= James Stopford, 1st Earl of Courtown =

Irish politician

James Stopford, 1st Earl of Courtown (1700 – 12 January 1770) was an Irish politician.

Courtown was the son of James Stopford, of Courtown, County Wexford, who represented County Wexford in the Irish House of Commons, and his wife Frances (née Jones). He succeeded his father as member of parliament for County Wexford in 1721, a seat he held until 1727, and then represented Fethard (County Wexford) from 1727 to 1758. In 1756, he was appointed High Sheriff of Wexford.
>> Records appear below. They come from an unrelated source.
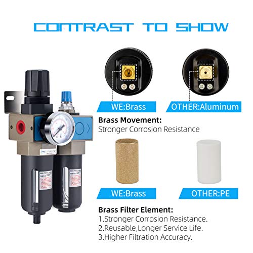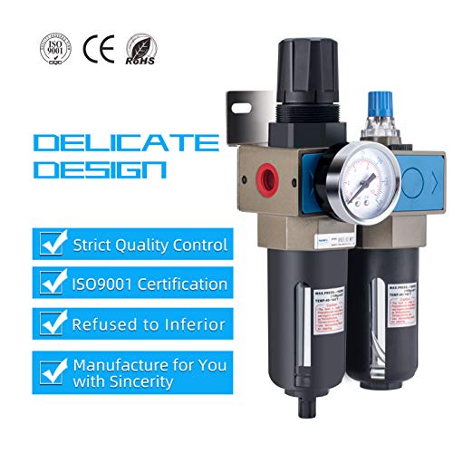 - Combinación de lubricador de regulador de filtro de aire NPT de 1/4 "- Limpia y seca el aire, regulación de presión precisa, lubrique su equipo con aire (recomienda aceite lubricador: ISO-VG32).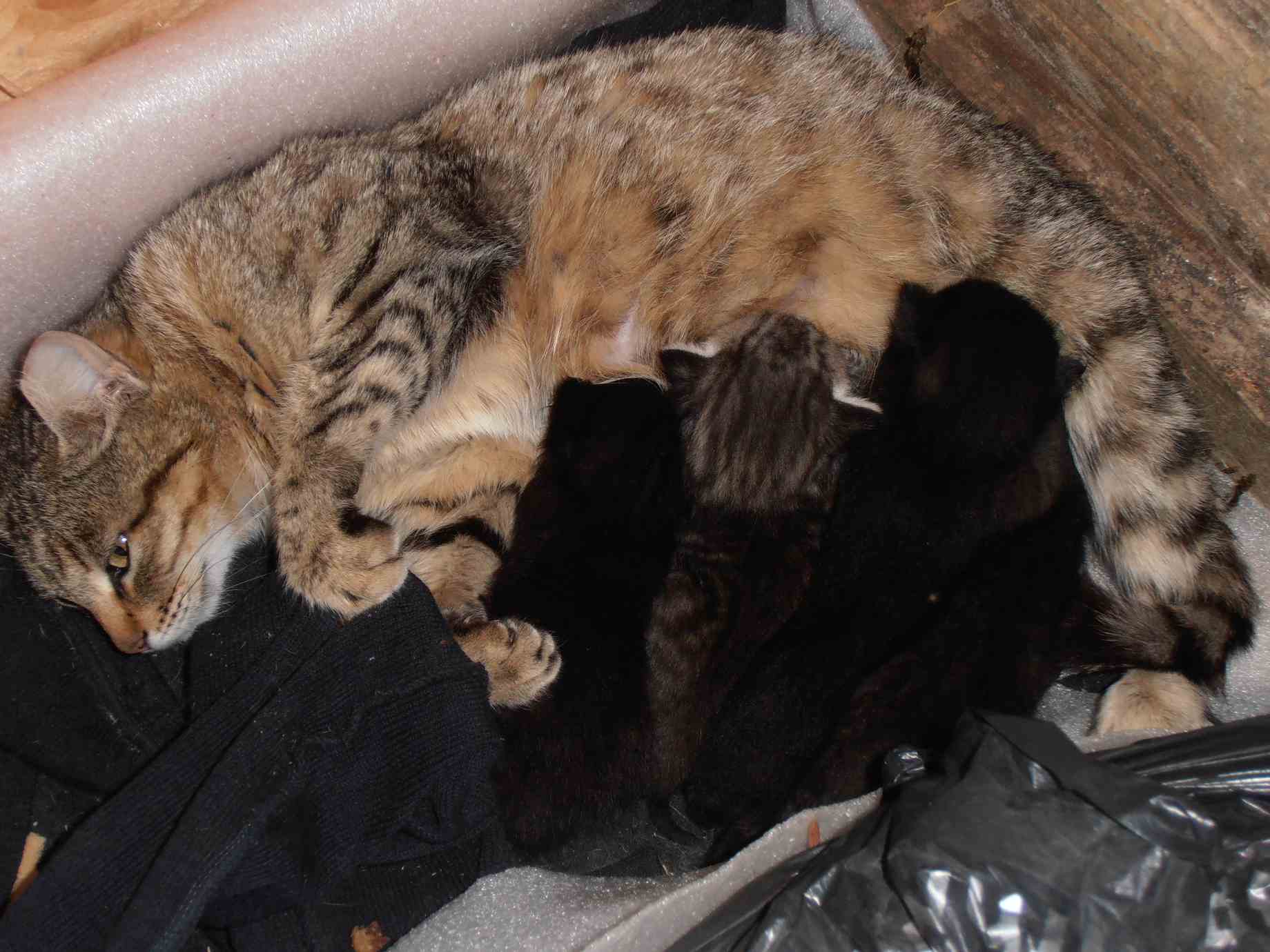 А у нас вот...смешнюки)))). Соседская кошка решила, что мы ей больше подходим в качестве хозяевов)))) и разродилась в сарае.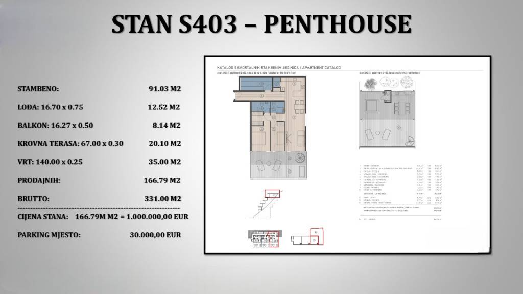 Jesenice, S403- penthouse položen na četvrtom katu zgrade u izgradnji neto površine 166,79 m2. Sastoji se od dvije spavaće sobe, kuhinje, blagovaonice i dnevnog boravka otvorenog tlocrta, garderobe, dvije kupaonice, toaleta, lođe od 16,70 m2, balkona 16,27 m2 te krovne terase (67m2) s vrtom (140m2). Pripada mu spremište. Orijentacija jug-istok.Mogućnost kupnje garažnog parkirnog mjesta po cijeni od 30.000,00 Eura. (garaža s rampom, 2 mjesta jedno ispod drugog).Kupac ne plaća porez na promet nekretnina.Početak gradnje jesen 2024.Planirani završetak gradnje jesen 2026.Ovu nekretninu je moguće kupiti putem kredita banke.Glavna prednost ove nekretnine je otvoren pogled na more sa svih etaža, smještena je iznad ceste, 1. red uz more i lijepu plažu, između tursitičkih središta Splita i Omiša.Ostale informacije na upit.... Više na eurovilla.hr, ID: 740108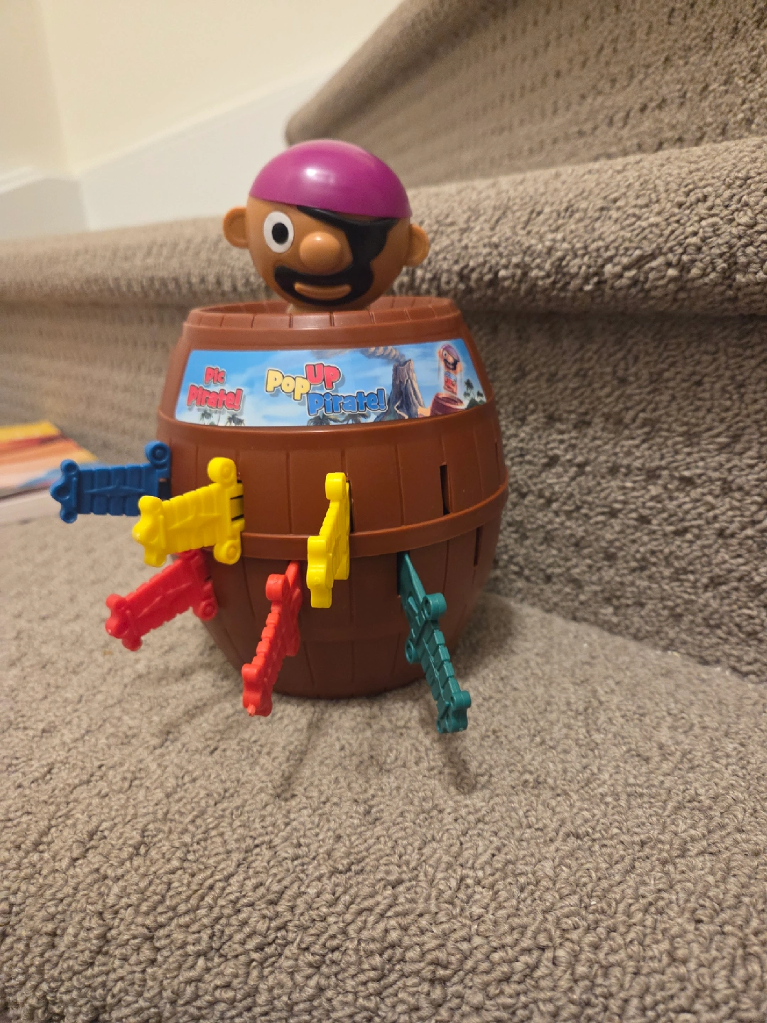 Selling a gently used Pop Up Pirate game! It's a fun and exciting game for kids. Just push the colourful swords into the barrel, but be careful, you never know when the pirate will pop up!
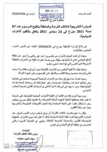 تقدّم “ائتلاف الكرامة” بمبادرة تشريعية إلى البرلمان، لتعديل المرسوم عدد 87 لسنة 2011، المتعلق بتنظيم الأحزاب السياسية.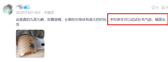 此产品以枸杞、红枣等天然成分为主,含量充足、配比科学,包装古朴典雅并采用密封保鲜技术,特别适合注重养生的中年群体及女性用户。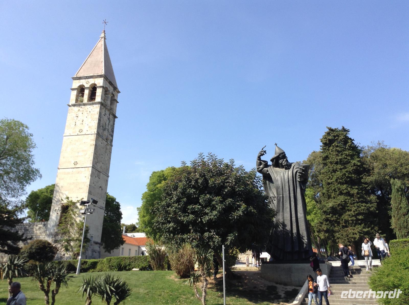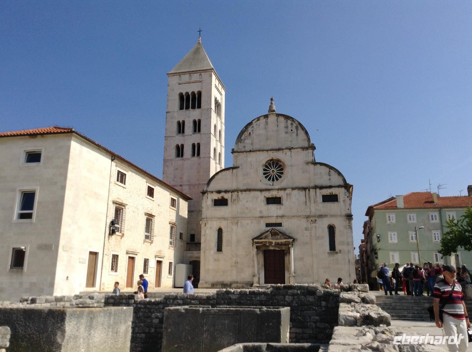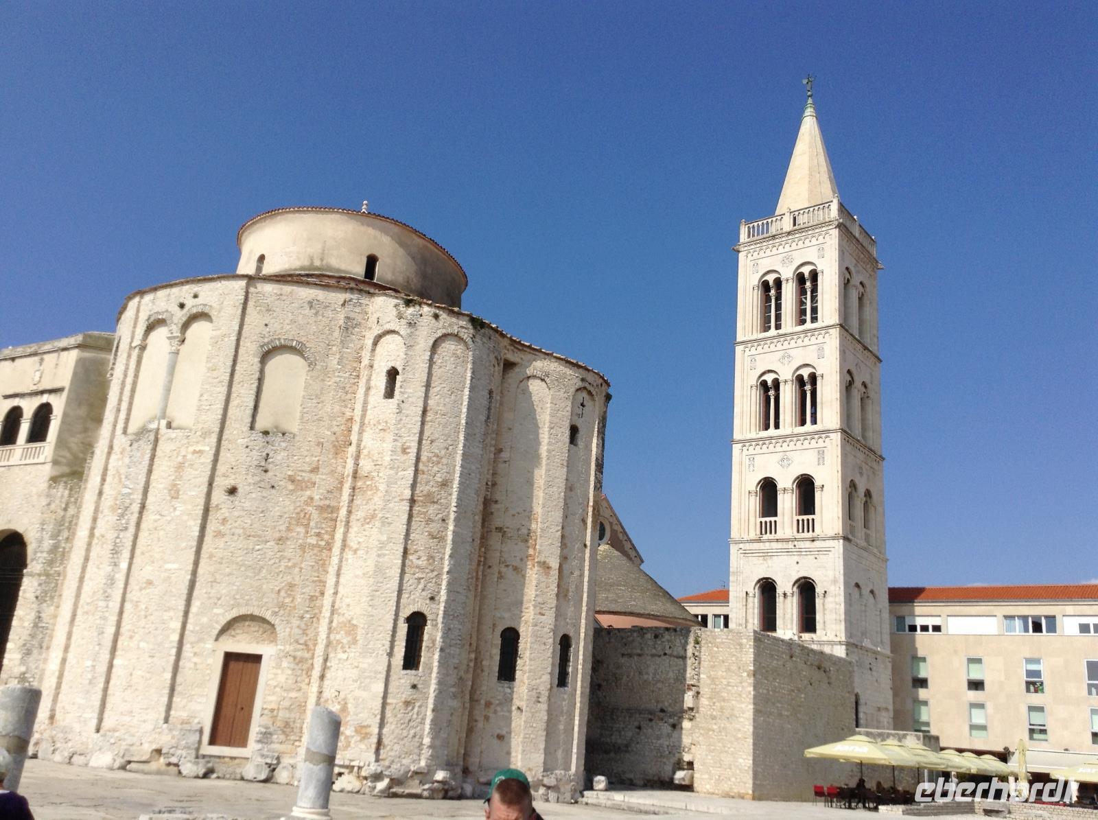 Unser Besuch gilt vor allem der uralten vorromanischen Kirche, in der schon einige kroatische Könige gekrönt wurden. Jeder erkundet den kleinen Ort auf seine Weise. Es gibt Eis, oder Mittagessen, oder ein Mitbringsel. Dann geht es nach Zadar, wo unsere Stadtführung uns am Hafen erwartet. Gemeinsam bummeln wir durch die Stadt, besuchen die Kathedrale, die Reste des alten Forum Romanum, die Rotunde der Donatskirche und schlendern am Ufer entlang zur modernen Sonnenuhr und Wasseroegel. Die Stadtführung ist sehr informativ, trotzdem freuen sich auch alle über etwas Freizeit in den Gassen der Stadt.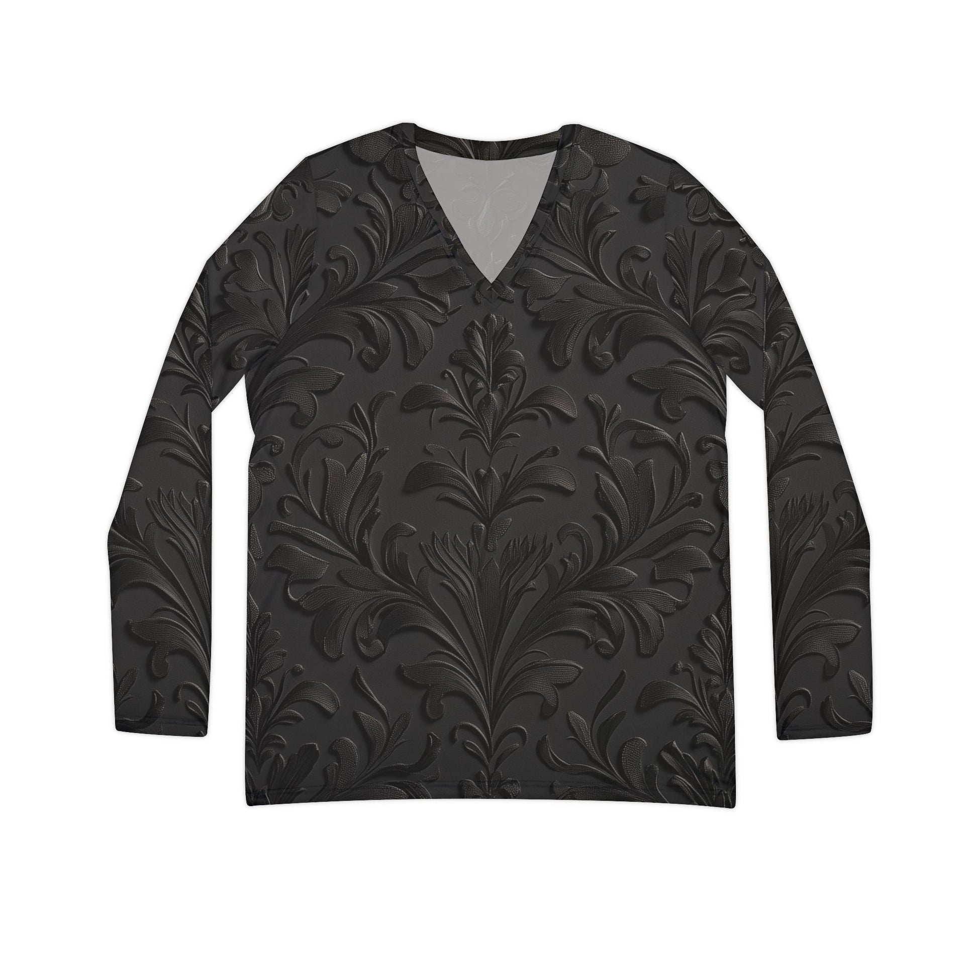Damask Print Long Sleeve V-neck Shirt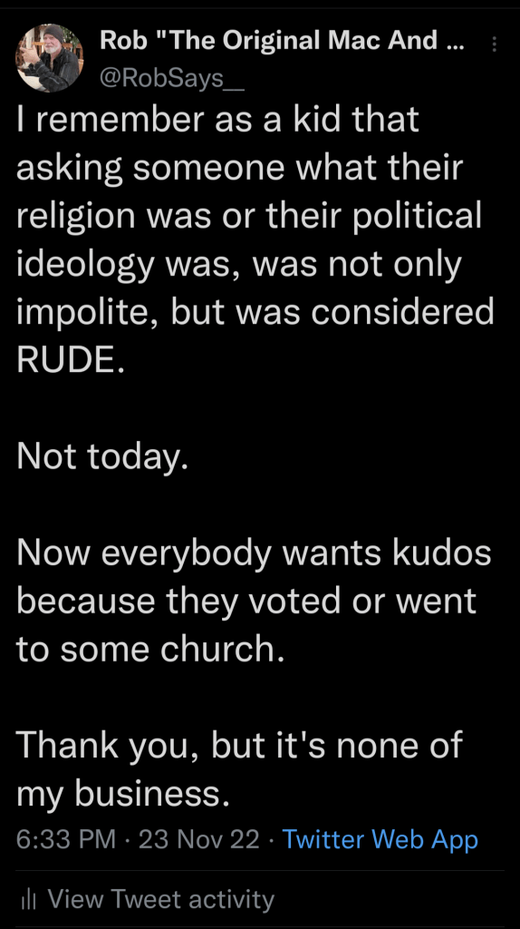 Like I said in the above tweet, when I was growing up, asking someone about what their religious views or their political views were, was considered impolite, if not downright rude. You just didn’t do it. Who you voted for, or even if you voted was no one’s business but yours. Same with whatever brand of religion you believed in or didn’t believe in. I can’t remember a single time in my childhood/young adulthood that someone asked me what I believed in or followed.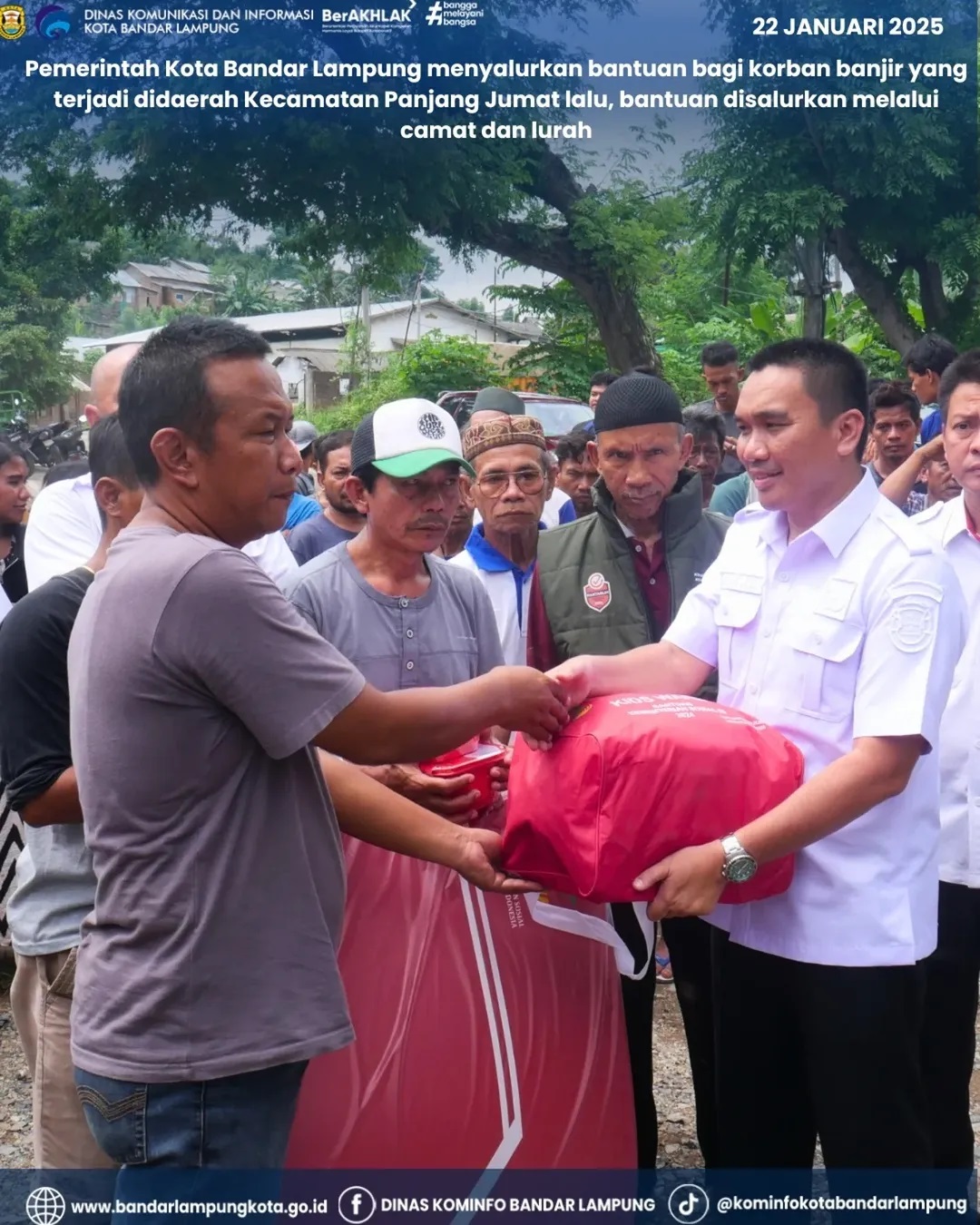 Pemerintah Kota Bandar Lampung menyalurkan bantuan bagi korban banjir yang terjadi di daerah Kecamatan Panjang Jumat lalu, bantuan disalurkan melalui camat dan lurah. Rabu, 22 januari 2025.

In 1758, he was raised to the Peerage of Ireland as Baron Courtown, of Courtown in the County of Wexford. Four years later he was further honoured when he was made Viscount Stopford and Earl of Courtown, in the County of Wexford, also in the Peerage of Ireland.

==Family==
Lord Courtown married Elizabeth, daughter of the Right Reverend Edward Smyth, Bishop of Down and Connor, and his first wife and cousin Elizabeth Smyth, in 1727. He died in January 1770 and was succeeded in the earldom by his eldest son, James, who became a prominent Tory politician. His second son the Hon. Edward Stopford (1732–1794) was a Major-General in the Army. Another son, the Hon Thomas Stopford, became Bishop of Cork and Ross.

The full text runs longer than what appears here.